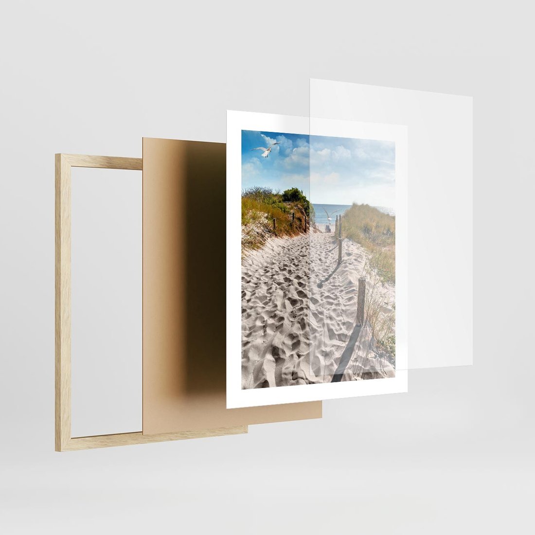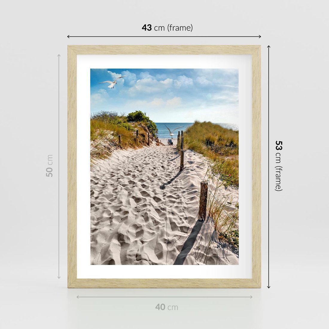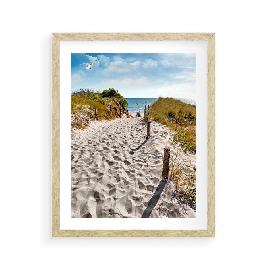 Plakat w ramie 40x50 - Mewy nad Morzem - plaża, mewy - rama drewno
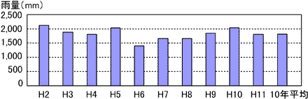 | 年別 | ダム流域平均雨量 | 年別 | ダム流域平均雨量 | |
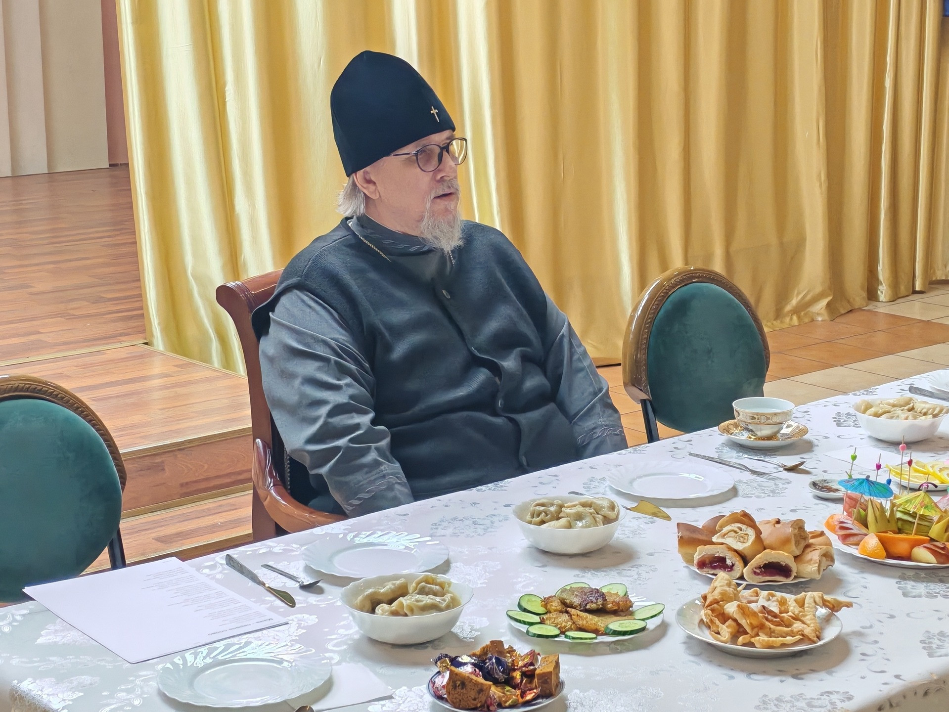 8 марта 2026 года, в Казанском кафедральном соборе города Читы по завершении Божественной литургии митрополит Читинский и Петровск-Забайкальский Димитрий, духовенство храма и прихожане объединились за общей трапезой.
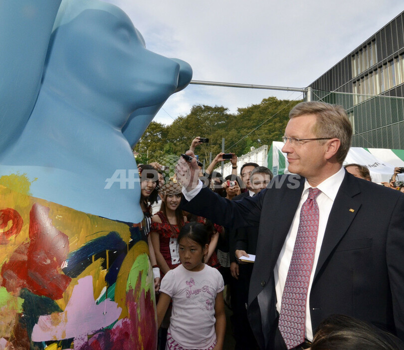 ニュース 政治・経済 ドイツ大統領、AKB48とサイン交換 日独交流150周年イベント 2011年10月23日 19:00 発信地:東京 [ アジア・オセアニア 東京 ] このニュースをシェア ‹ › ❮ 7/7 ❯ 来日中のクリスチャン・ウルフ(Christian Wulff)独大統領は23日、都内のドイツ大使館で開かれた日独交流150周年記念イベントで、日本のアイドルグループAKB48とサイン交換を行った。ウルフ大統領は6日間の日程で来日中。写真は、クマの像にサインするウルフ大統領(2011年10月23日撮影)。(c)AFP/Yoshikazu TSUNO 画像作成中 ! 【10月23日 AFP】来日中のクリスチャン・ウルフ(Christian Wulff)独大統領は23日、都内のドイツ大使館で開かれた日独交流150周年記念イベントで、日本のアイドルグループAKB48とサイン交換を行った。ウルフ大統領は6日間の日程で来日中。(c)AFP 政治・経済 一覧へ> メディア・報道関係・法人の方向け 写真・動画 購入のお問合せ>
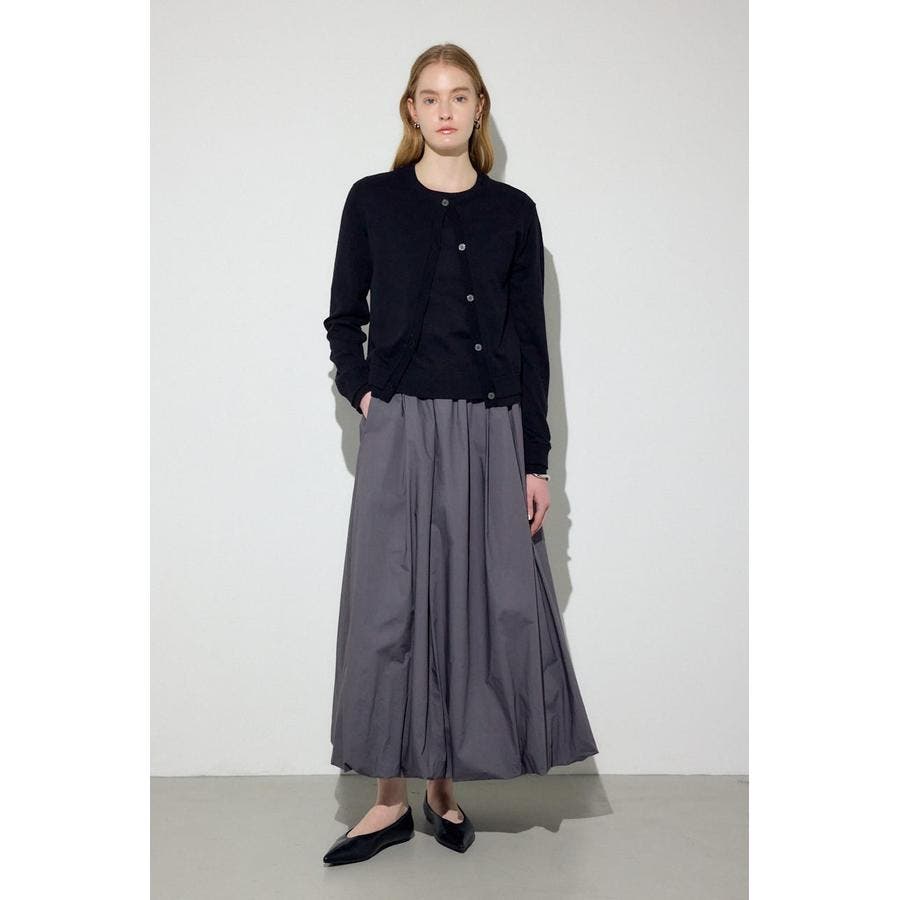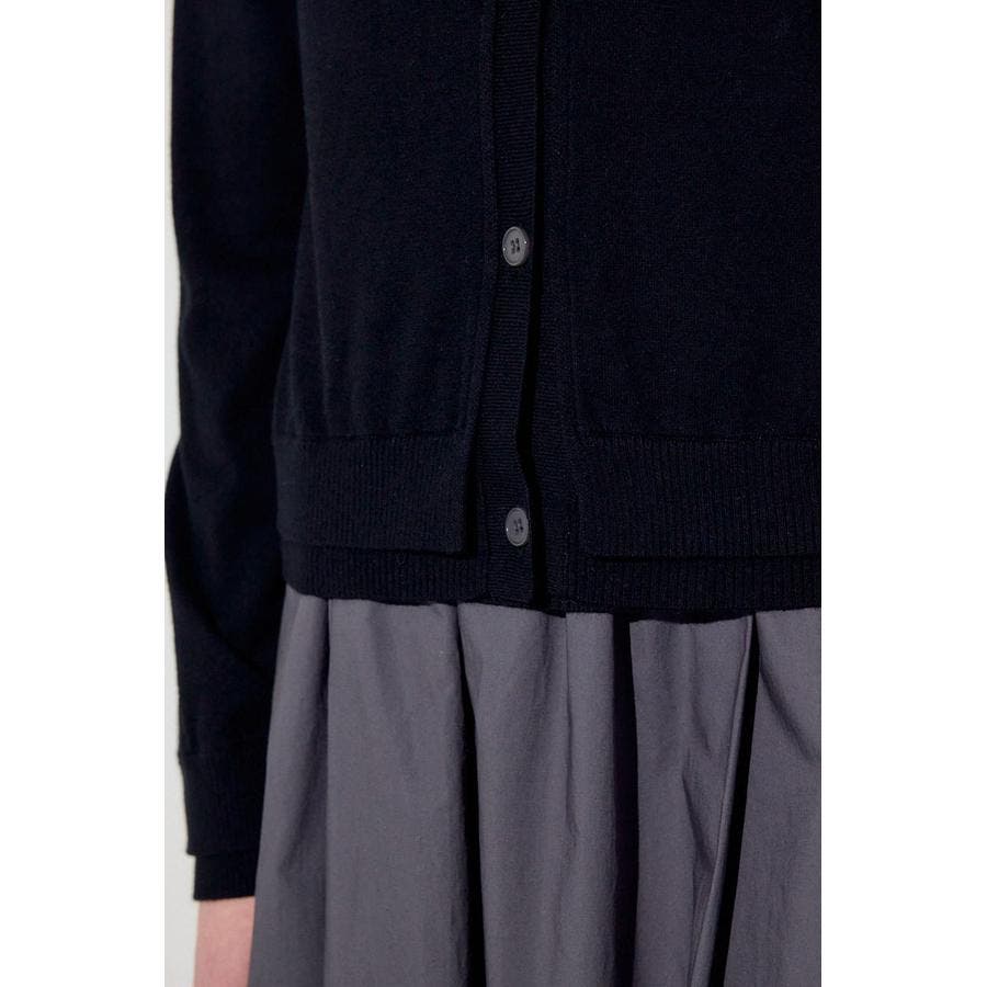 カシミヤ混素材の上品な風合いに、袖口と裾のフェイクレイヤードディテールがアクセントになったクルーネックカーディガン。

::::

Your answer should consist solely of the lines from the one holding "ダム流域平均雨量 | |" through the end of the listing, reproduced exactly and without pictures.

 | 年別 | ダム流域平均雨量 | 年別 | ダム流域平均雨量 | |
 8 марта 2026 года, в Казанском кафедральном соборе города Читы по завершении Божественной литургии митрополит Читинский и Петровск-Забайкальский Димитрий, духовенство храма и прихожане объединились за общей трапезой.
 ニュース 政治・経済 ドイツ大統領、AKB48とサイン交換 日独交流150周年イベント 2011年10月23日 19:00 発信地:東京 [ アジア・オセアニア 東京 ] このニュースをシェア ‹ › ❮ 7/7 ❯ 来日中のクリスチャン・ウルフ(Christian Wulff)独大統領は23日、都内のドイツ大使館で開かれた日独交流150周年記念イベントで、日本のアイドルグループAKB48とサイン交換を行った。ウルフ大統領は6日間の日程で来日中。写真は、クマの像にサインするウルフ大統領(2011年10月23日撮影)。(c)AFP/Yoshikazu TSUNO 画像作成中 ! 【10月23日 AFP】来日中のクリスチャン・ウルフ(Christian Wulff)独大統領は23日、都内のドイツ大使館で開かれた日独交流150周年記念イベントで、日本のアイドルグループAKB48とサイン交換を行った。ウルフ大統領は6日間の日程で来日中。(c)AFP 政治・経済 一覧へ> メディア・報道関係・法人の方向け 写真・動画 購入のお問合せ>
 カシミヤ混素材の上品な風合いに、袖口と裾のフェイクレイヤードディテールがアクセントになったクルーネックカーディガン。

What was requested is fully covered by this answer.